Mark Bradley’s Vietnam at War (2009) is one such an attempt of ‘Vietnamizing’ the Vietnam War history. An impressively concise yet ambitious work, Vietnam at War sets out to interrupt the orthodox-revisionist binary that structures the study of this period. Mark Bradley begins his work with strong methodological interventions such as the recognition of American-centric writing of the war, the reduction of global actors, and the existence of multiple Vietnam Wars (anti-colonial, Cold War, hot war, civil war, ideological war). In the first chapters, Bradley provides a succinct summary of centuries of foreign rule and geopolitical influence (China, Portugal, France, neighboring Southeast Asian polities). Like most chronologies, this narrative carries a certain thematic focus, in this case, directed towards the historical struggle to define and imagine a Vietnamese future. ‘Visions’ of a post-colonial Vietnam form the backdrop and explanation, it seems even, for the Vietnam Wars that consume the second half of the twentieth century. The ability for a scholar to even make this overarching claim requires an extensive understanding of early modern and colonial Vietnamese history, which Bradley has demonstrated in his other works.[1]
However, the underlying stake of such a claim can lend itself to a presentist view where nationalism acts as the prime mover. Peter Zinoman’s exhaustive review in H-Diplo underlines Bradley’s loyalty to orthodox interpretations of the war. In particular, Zinoman highlights orthodox interpretations such as the local origins of the Southern insurgency, the elision between communism and nationalism, and the downplaying of DRV repression. Such analyses of the war severely inhibit Bradley from seriously reevaluating the ‘Vietnamese’ experience and agency in the war. It seems that while Bradley’s intention to localize and Vietnamize the history of the war is a good idea, his execution perpetuates the anonymity of key Vietnamese actors, namely, DRV and RVN political leaders.

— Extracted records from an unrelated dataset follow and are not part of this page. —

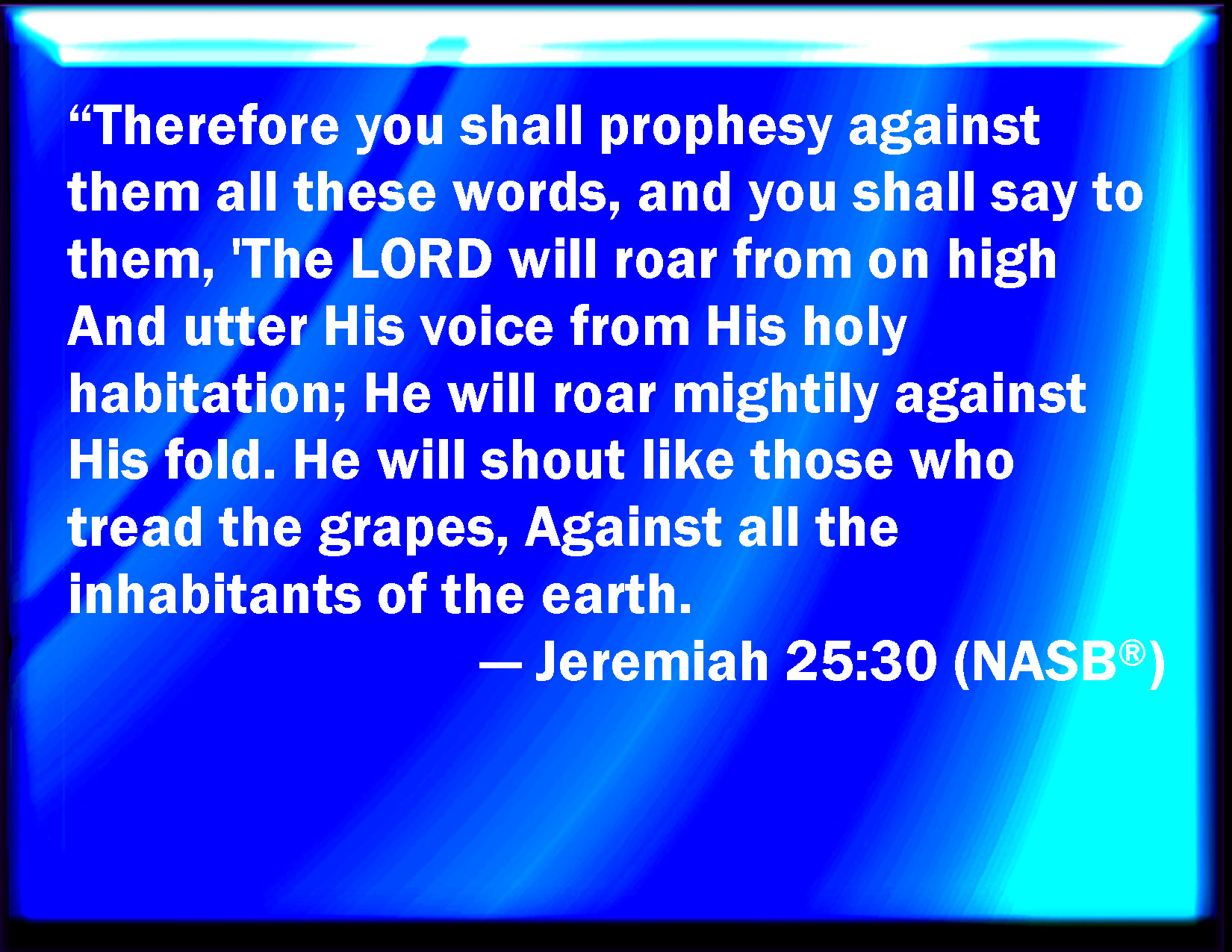 Bible Verse Slide Jeremiah 25:30 Therefore prophesy you against them all these words, and say to them, The LORD shall roar from on high, and utter his voice from his holy habitation; he shall mightily roar on his habitation; he shall give a shout, as they that tread the grapes, against all the inhabitants of the earth. KJV: Therefore prophesy thou against them all these words, and say unto them, The LORD shall roar from on high, and utter his voice from his holy habitation; he shall mightily roar upon his habitation; he shall give a shout, as they that tread the grapes, against all the inhabitants of the earth. DRB: And thou shalt prophesy unto them all these words, and thou shalt say to them: The Lord shall roar from on high, and shall utter his voice from his holy habitation: roaring he shall roar upon the place of his beauty: the shout as it were of them that tread grapes shall be given out against all the inhabitants of the earth. DBT: And thou, prophesy unto them all these words, and say unto them, Jehovah will roar from on high, and utter his voice from his holy habitation; he will mightily roar upon his dwelling-place, he will give a shout, as they that tread the vintage, against all the inhabitants of the earth. ERV: Therefore prophesy thou against them all these words, and say unto them, The LORD shall roar from on high, and utter his voice from his holy habitation; he shall mightily roar against his fold; he shall give a shout, as they that tread the grapes, against all the inhabitants of the earth. WBT: Therefore prophesy thou against them all these words, and say to them, The LORD shall roar from on high, and utter his voice from his holy habitation; he shall mightily roar upon his habitation; he shall give a shout, as they that tread the grapes, against all the inhabitants of the earth. WEB: Therefore prophesy you against them all these words, and tell them, Yahweh will roar from on high, and utter his voice from his holy habitation; he will mightily roar against his fold; he will give a shout, as those who tread [the grapes], against all the inhabitants of the earth. YLT: And thou, thou dost prophesy unto them all these words, and hast said unto them: Jehovah from the high place doth roar, And from His holy habitation giveth forth His voice, He surely roareth for His habitation, A shout as of treaders down, God answereth all the inhabitants of the land,Links Jeremiah 25:30 NIV • Jeremiah 25:30 NLT • Jeremiah 25:30 ESV • Jeremiah 25:30 NASB • Jeremiah 25:30 KJV • Jeremiah 25:30 Interlinear • Jeremiah 25:30 Commentaries • Jeremiah 25:30 Parallel Texts • Jeremiah 25:30 Bible Apps • Jeremiah 25:30 Parallel • Bible Hub |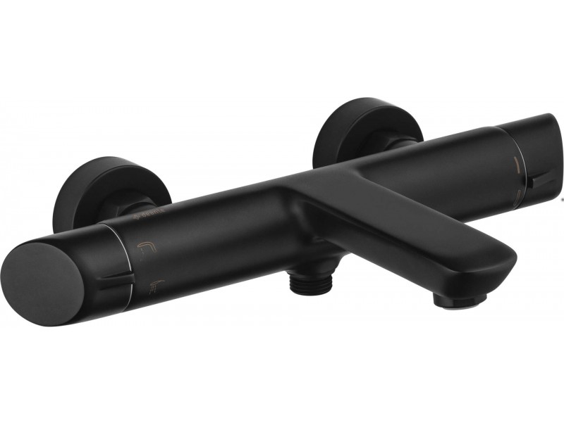 Bateria wannowa Arnika Nero w satynowym wykończeniu w kolorze czerni, łączy elegancką kolorystykę z przyjemnymi dla oka, geometrycznymi kształtami kolekcji.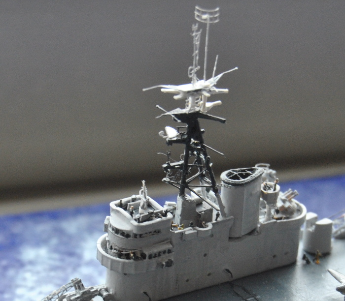 As both ships had lattice masts I could use the C88 from the new kit and wriggle it into place. Now the only thng left to do on the island is rigging and rebuild the radars. I'm working 'inside-out' this time so rigging the mast is happening first.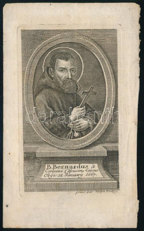 cca 1750 Szent Bernátot ábrázoló rézmetszetű szentkép 9x14 cm https://www.darabanth.com/de/475-Fernauktion/475.0/Gemalde-und-Grafiken/Stich~500005/cca-1750-Szent-Bernatot-abrazolo-rezmetszetu-szentkep-9x14-cm~II3202617

Circling back to the historiographical intervention of Vietnam-centrism, I continue to wonder how in practice, we can prioritize certain elements as crucial to the movement of history, (for example, the agency of the RVN in political matters), without reducing other factors? Tuong Vu and Edward Miller’s reflective journal issue confirms that it is indeed possible to incorporate multiple elements without provincializing another, where “the study of international affairs can incorporate both the national and he transnational, and the local along with the translocal.” (Miller and Vu, p. 11) But does there really exist a good model of this in Vietnamese studies yet? Furthermore, is it ever possible for American historians to write a history of the Vietnam War without casting a value judgment of US involvement?
[1] Bradley engages in a similar holistic argument and shows how Vietnamese intellectuals led reflexive debates on a modern, postcolonial Vietnamese future from the beginning of French colonial rule. Bradley, Mark Philip. “Becoming ‘Van Minh’: Civilizational Discourse and Visions of the Self in Twentieth-Century Vietnam.” Journal of World History 15, no. 1 (March 1, 2004): 65–83.